А мечтали мы все — каждый мальчишка. Грезили суровыми зимами, бездонным небом, нестихающим шумом тайги. Я замучил отца мольбами о переезде — он только отмахивался и посмеивался, но однажды сказал серьезно и как будто с горечью:
— Куда нам.
Я его тогда не понял.
Получив очередной отказ, я отправлялся в дядину комнату — маленькую, светлую, с окошком в сад — и садился за стол. На столе, прижатые стеклом, пестрели фотографии, письма.
Улыбалась из-за плеча девушка с черными как уголь локонами. Махали руками строгие бородачи в ушанках — за плечами огромные рюкзаки. Смотрел внимательно седовласый священник.
Письма я до сих пор помню наизусть. Вот одно из них.
«Игорь, здравствуй.
К нам приехал какой-то художник из Москвы, можешь ты себе такое представить? Теперь шатается повсюду за нами и пишет пейзажи. И хорошо ведь пишет, собака! С каждого уже набросал по портрету, весь вагон засыпал бумагой, краской воняет — хоть плачь. И каждый день пьет. Но мужик — во такой, вы бы сдружились.
Олег вернулся со стоянки. Приволок с собой тощую лису и местного мальчонку — этот чудом не обмерз. Теперь вот будем думать, что с ним делать. А лиса обогрелась, отъелась да и осталась при нас — не прогонишь. Похожа на Катю. Назвали Стамеской. Ума не приложу, кому могла прийти в голову такая дурацкая кличка.
Прилетела весточка от Максима. Он обжился — и уже балакает по-ихнему с горем пополам.
Если тебе интересна судьба твоей книги, то она ходит по рукам от станции к станции — не понимаю, что в ней такого, но читаем запоем, про работу забываем. Так что в этом плане тебе огромное человеческое спасибо.
Ото всех тебе приветы, а я пошел, пожалуй, на боковую.
Своих поздравь и уговори все-таки назвать Антоном.
Антон».
И дата — месяц с небольшим от моего рождения. Отец на Антона не согласился. Письмо — пожелтевшее, на листе в клетку. Обложено со всех сторон записками — адреса, телефоны.

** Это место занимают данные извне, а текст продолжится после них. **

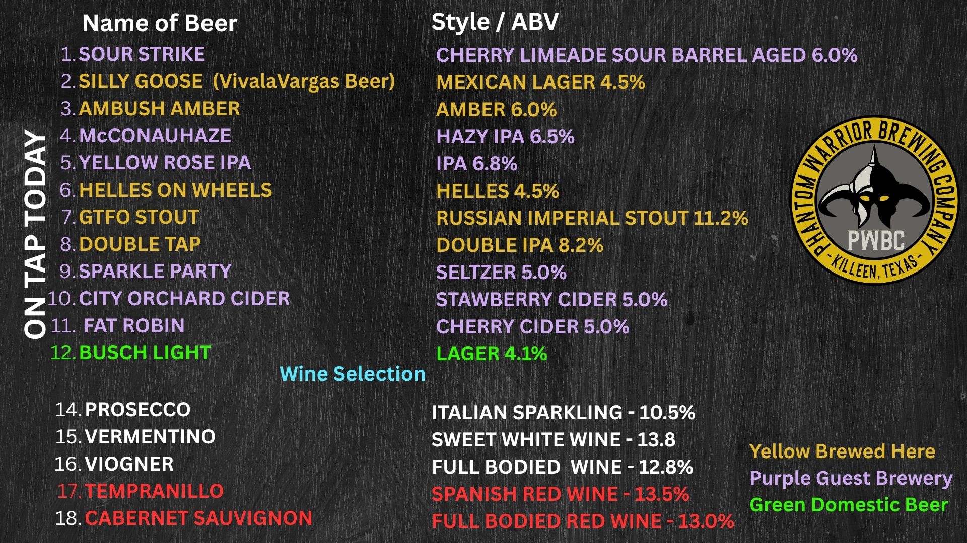 Here's what's on tap

Ближе к окну, на столешнице выцарапана крохотная роза ветров. Я, сколько себя помню, был ею загипнотизирован, сидел и смотрел, такая она расчудесная — ровненькая, аккуратная, лучики будто друг за другом бегут. Свет-тень, свет-тень.
Я садился за стол и представлял себя дядей. Выкладывал перед собой тетрадь, смотрел задумчиво в окно, грыз карандаш, чесал подбородок и выводил на бумаге планы далеких экспедиций. Или писал письма воображаемым товарищам. В одном из них была такая фраза:
«И скажи всем, чтобы не трогали мое ружье».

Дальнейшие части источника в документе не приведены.